Marines practice urban combat in 'shoothouse'
Stars and Stripes June 11, 2003
An eerie dust hangs in the air along the dark corridors of the shoothouse at Warrior Base, South Korea.
Ahead, inside small dark rooms along the corridor, armed and unarmed enemies lie in wait for the Marines who are on a mission to overtake them — ideally without getting shot.
It’s an exercise in urban warfare: “How to methodically — with limited casualties — secure a building,” explained Lt. Col. Dave Berger, battalion commander for the 3rd Battalion, 8th Marines. “It’s less a focus on blasting in.”
The training is called Military Operations on Urbanized Terrain, or MOUT, and is a response to the changing face of war, Berger said.
Recent conflicts, from Somalia to Iraq, increasingly have taken place in urban settings. In response, the U.S. military beefed up confined-space training two years ago, including MOUT training.
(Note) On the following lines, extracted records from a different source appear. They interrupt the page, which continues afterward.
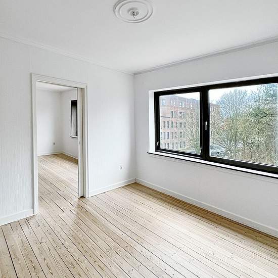 Nice and spacious 3-room apartment located on Fyensgade in 9000 Aalborg. The apartment is situated in the lovely Ø-gade quarter, a short distance from the green areas at Østre Anlæg, various shopping options and public transport. Additionally, it is no more than a 10-minute bike ride to Aalborg city centre. The apartment comprises a hallway with large built-in closets, two living rooms en suite, a bedroom with access to a lovely balcony, a bright kitchen with good cabinet and counter space, and a nice bathroom. The tenancy is taken over a...
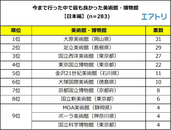 美術館・博物館を目的とした旅行に行った事がある人に対し、今までで最も良かった美術館・博物館を聞いたところ、国内の1位は岡山県の「大原美術館」となりました。2位以下には「足立美術館」「国立西洋美術館」などが続き、東京都の美術館・博物館が多く選ばれました。
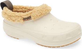 A slightly taller silhouette provides extra coverage from the elements in this familiar clog lined with plush fleece. Rubber pods on the sole enhance traction on slippery surfaces.
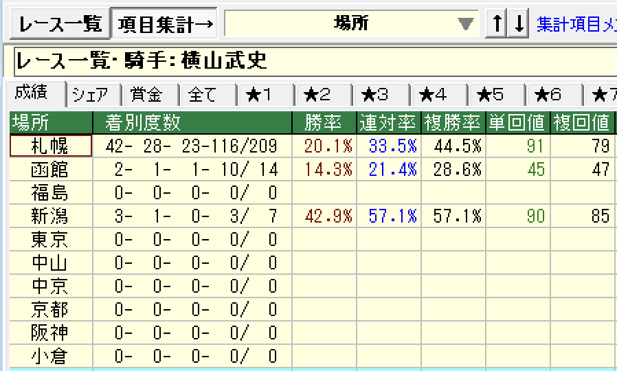 - 競馬場別成績
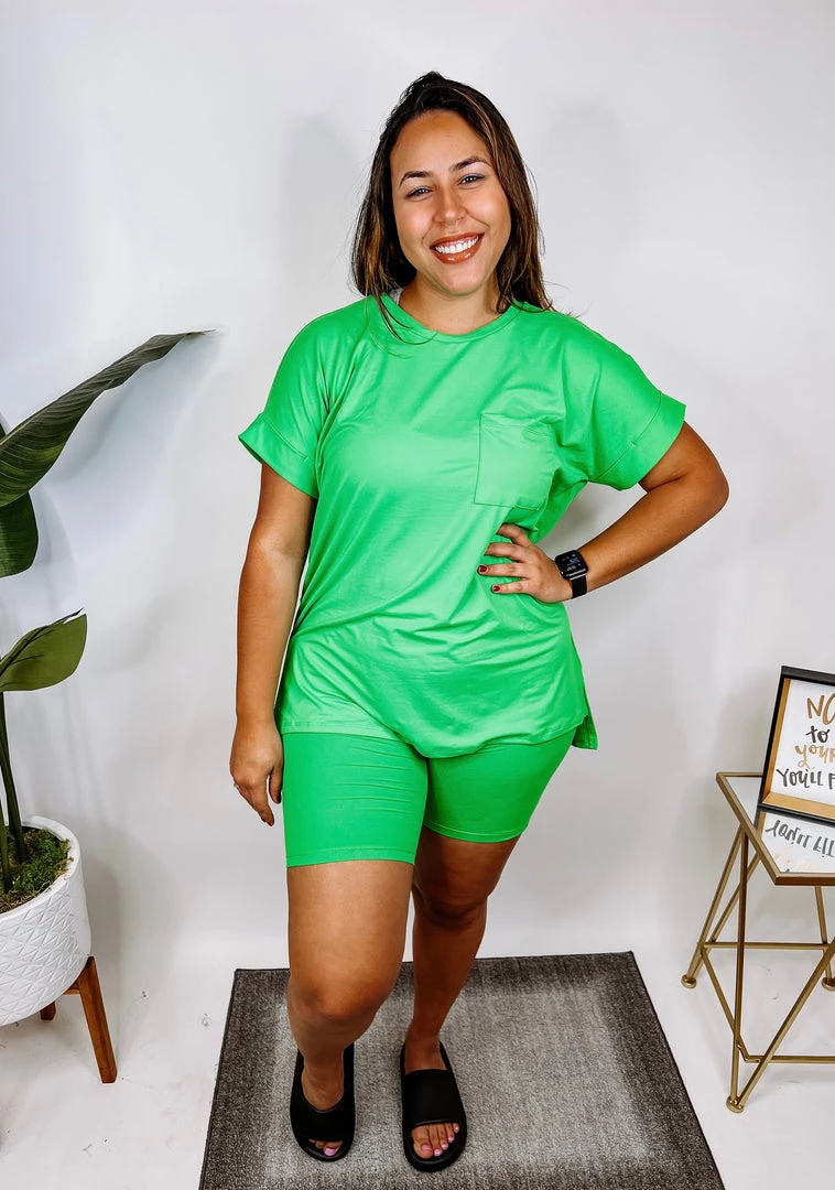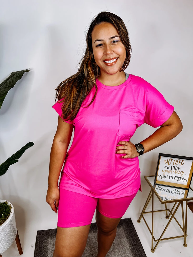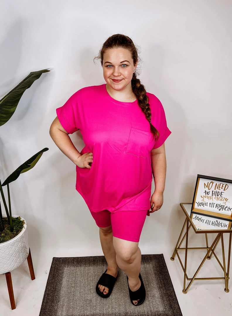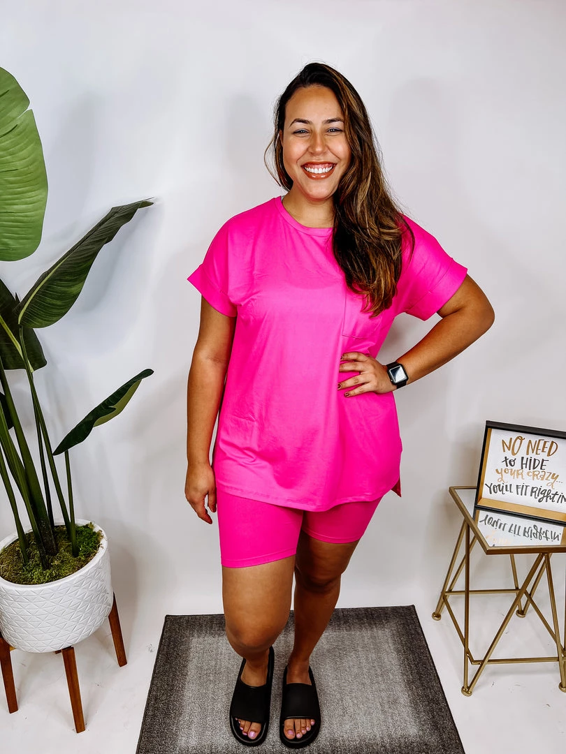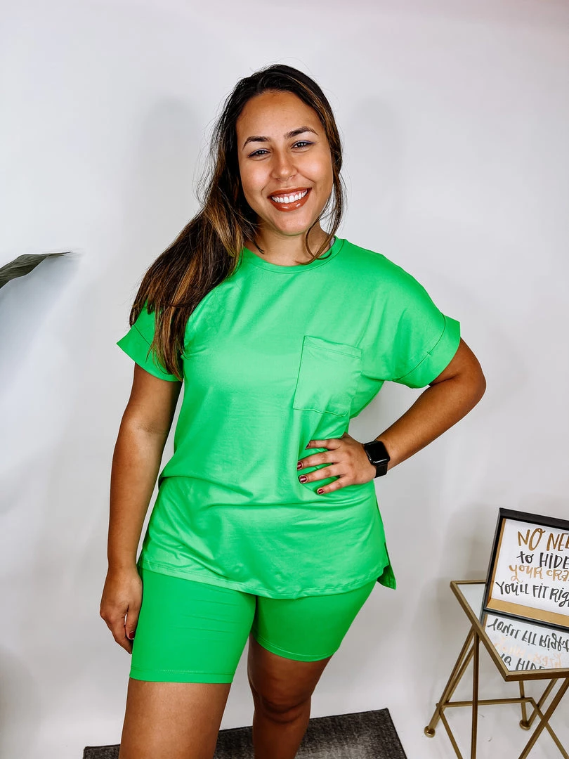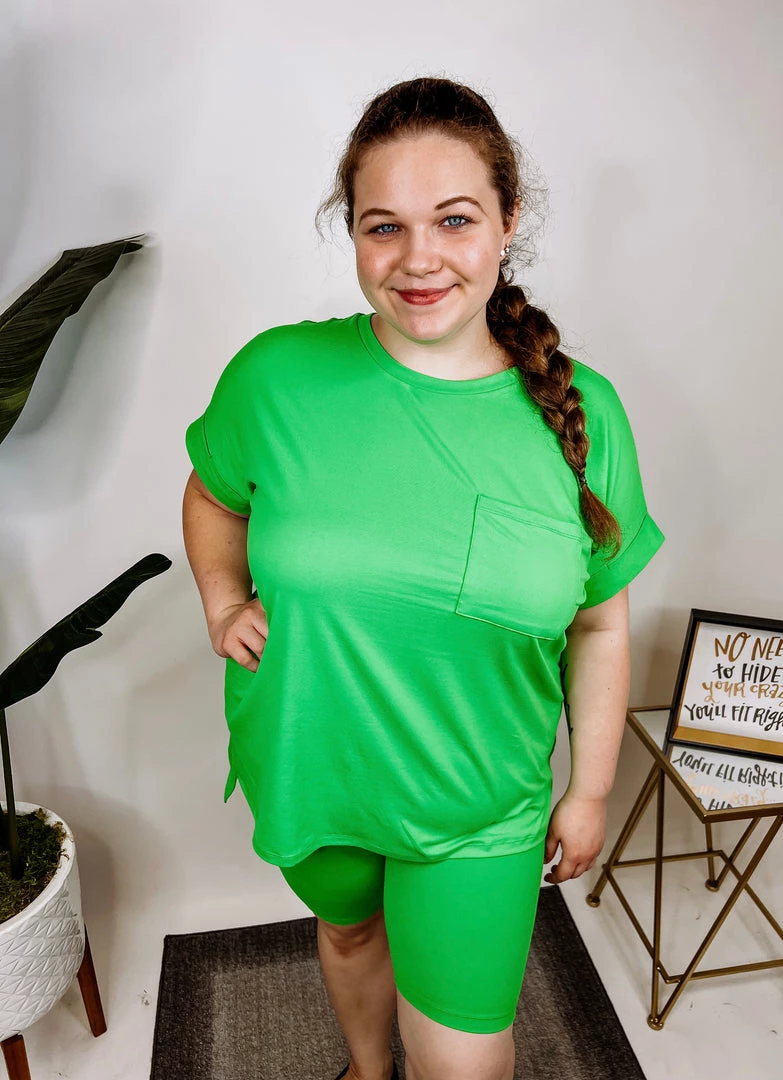 OMG! Look at these AMAZING Zenana set!!! I swear, you are gonna LOVE them! The set is a microfiber short cuff sleeve top and a bike short. They feature a side pocket on the chest! We got them in Black, Bright Green, Neon Hot Pink colors! These will be your favorite outfit for the summer!! They are soft and super comfortable!! Perfect stretch and recovery!!Β
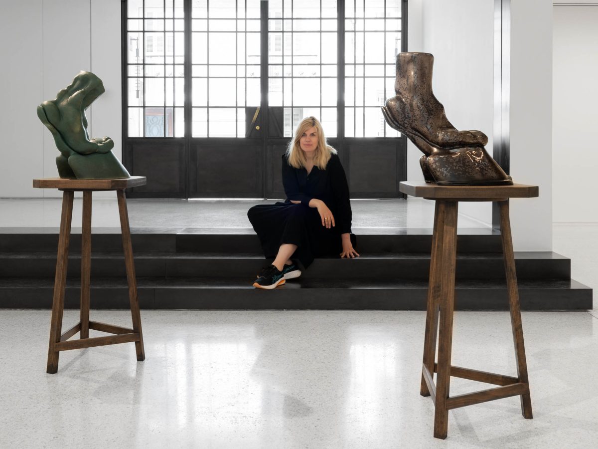 Εκεί παρουσιάζονται καινούργια έργα της Χένκε, μεγεθυσμένα πέλματα που μοιάζουν να πατούν σε μια οπλή τοποθετημένα πάνω σε ειδικά σχεδιασμένα βάθρα που αντλούν έμπνευση από τις βάσεις του ιταλού γλύπτη Μεντάρντο Ρόσο, ενός δημιουργού που η ίδια θαυμάζει ιδιαίτερα. «Πάντα έψαχνα τις κατάλληλες βάσεις για τα γλυπτά μου και τώρα πια είναι και αυτές μέρος του έργου, όπως έκαναν οι γλύπτες του 18ου αιώνα» θα πει χαρακτηριστικά. Πλάι στα γλυπτά παρουσιάζονται και σχέδια που δημιούργησε την περίοδο που ζούσε ακόμη στη Νέα Υόρκη, προτού ξεσπάσει η πανδημία και μετακομίσει στο Βερολίνο. Καταγράφουν, όπως θα εξηγήσει, τη σωματική και ψυχική περιπλάνησή της στην πόλη, και ας μην το μαρτυρά η πρώτη ματιά πάνω τους.
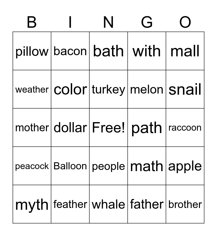 This bingo card has a free space and 24 words: Balloon, feather, turkey, myth, mall, pillow, weather, bacon, path, people, melon, mother, math, apple, color, father, raccoon, bath, snail, dollar, brother, peacock, with and whale.
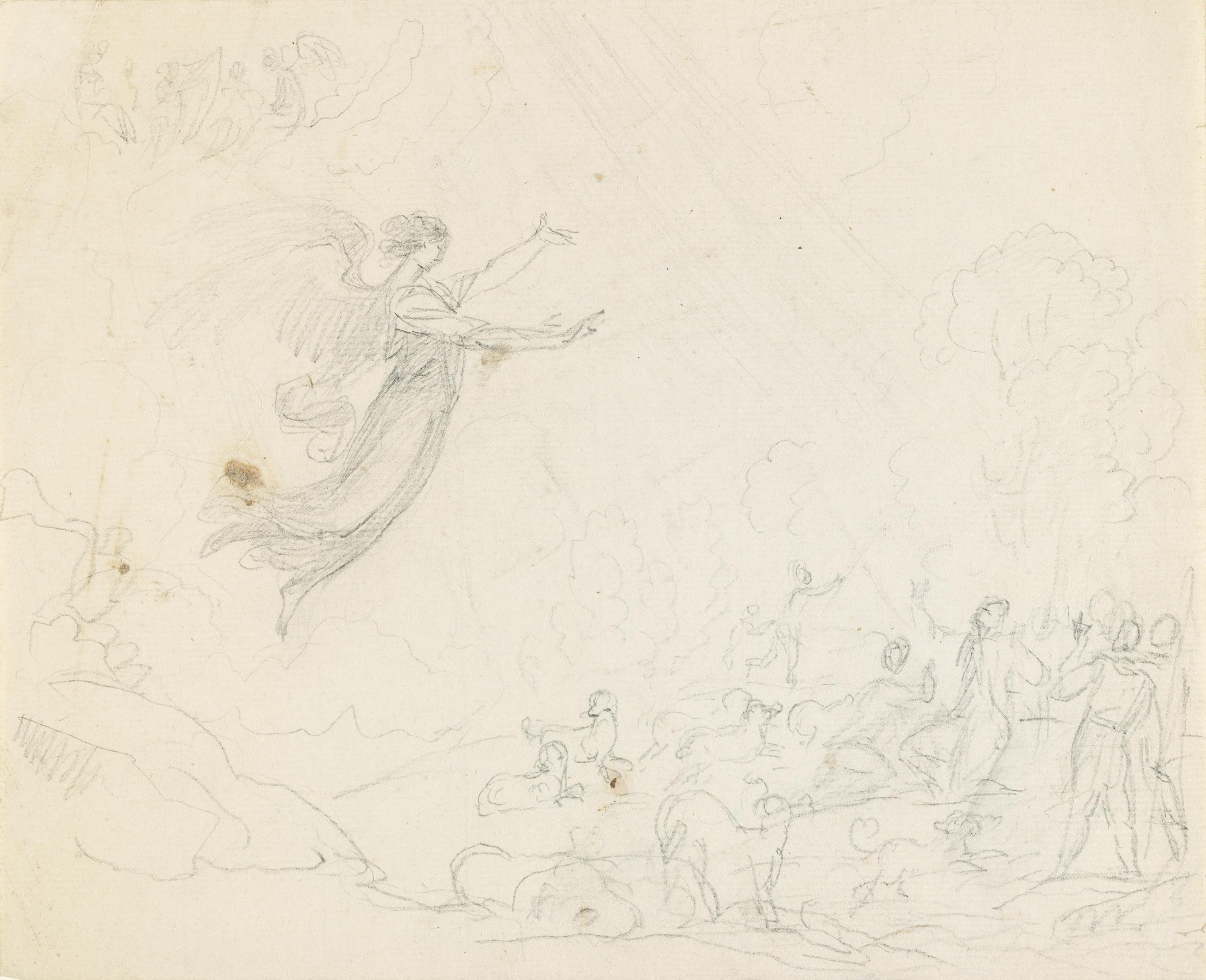 Title: Religious Scene with Angels and a Crowd of People
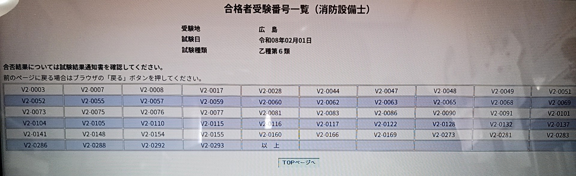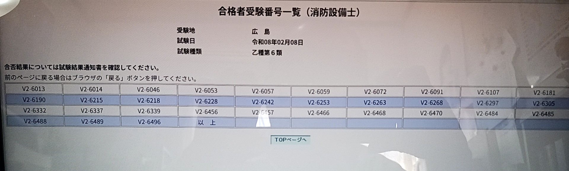 残念ながら私の受験番号はありませんでした。V2-6094はありませんよね?
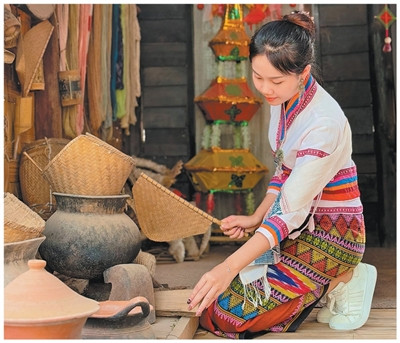 身着老挝传统衣饰的妇女在“萤火工坊”体验纺织工艺。
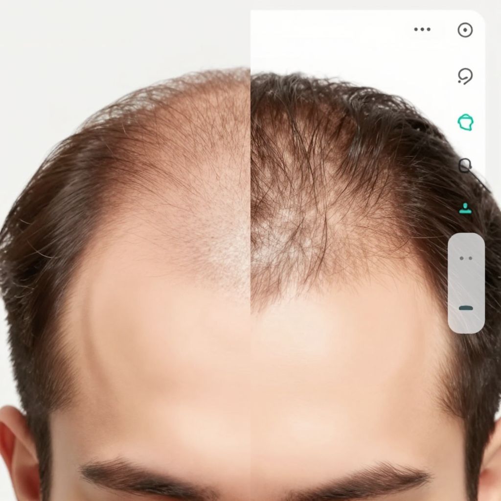 Make me bald online free, close-up of a person before and after virtually removing hair, split screen style, realistic photo manipulation, soft shadows, focus on scalp smoothness, digital UI icons for editing, fresh and engaging online tool atmosphere.

“It’s a very difficult and complex operation,” said Maj. Farrell Sullivan, Lima Company commander with the 3-8 Marines. “That’s why we spend as much time as possible training in urban terrain.”
It’s not always possible to get time in a shoothouse at many bases, however. “Just getting buildings to work in is difficult,” Sullivan added.
The Marines visiting Warrior Base, a few miles below North Korea, took advantage of the shoothouse there. It consists of small rooms connected by corridors with an open top for observers.
“It’s a lot more intense training,” said Cpl. Camden MacGregor, with Lima Company. “Overall, there’s so many things going on.”
The training involves a close space and restricted movement. Adding unarmed civilians to the mix kicks up the realism and intensity, he said.
“Your first instinct is to shoot,” MacGregor said. “You pretty much have to look at their hands” first to see if anyone in the room has a weapon.
“It’s not too physically challenging,” he added. “A lot of it is mental stress.”
Lance Cpl. Stephen Steele, also with Lima Company, said he prefers MOUT training to field infantry training. The shoothouse is great practice for learning to differentiate armed enemies from unarmed ones quickly.
The Marines, working in pairs or small groups, go through the building room by room.
“It’s a lot of teamwork,” Berger said. It’s also a lot of simple geometry, he added — Marines divide a space into segments and each group works to control its area of responsibility. The Marines drive any occupants into the corners, where they more easily can be watched or disarmed.
The exercise uses simunitions, ordinary weapons loaded with non-lethal projectiles similar to paintball rounds, that help make the training more realistic.
MacGregor said the shots sting and usually leave a welt. So, just like in real life, it’s much better to not get shot.
The 3-8 Marines, currently based at Camp Schwab, Okinawa, are in South Korea for a several-week combined exercise with a company of South Korean marines.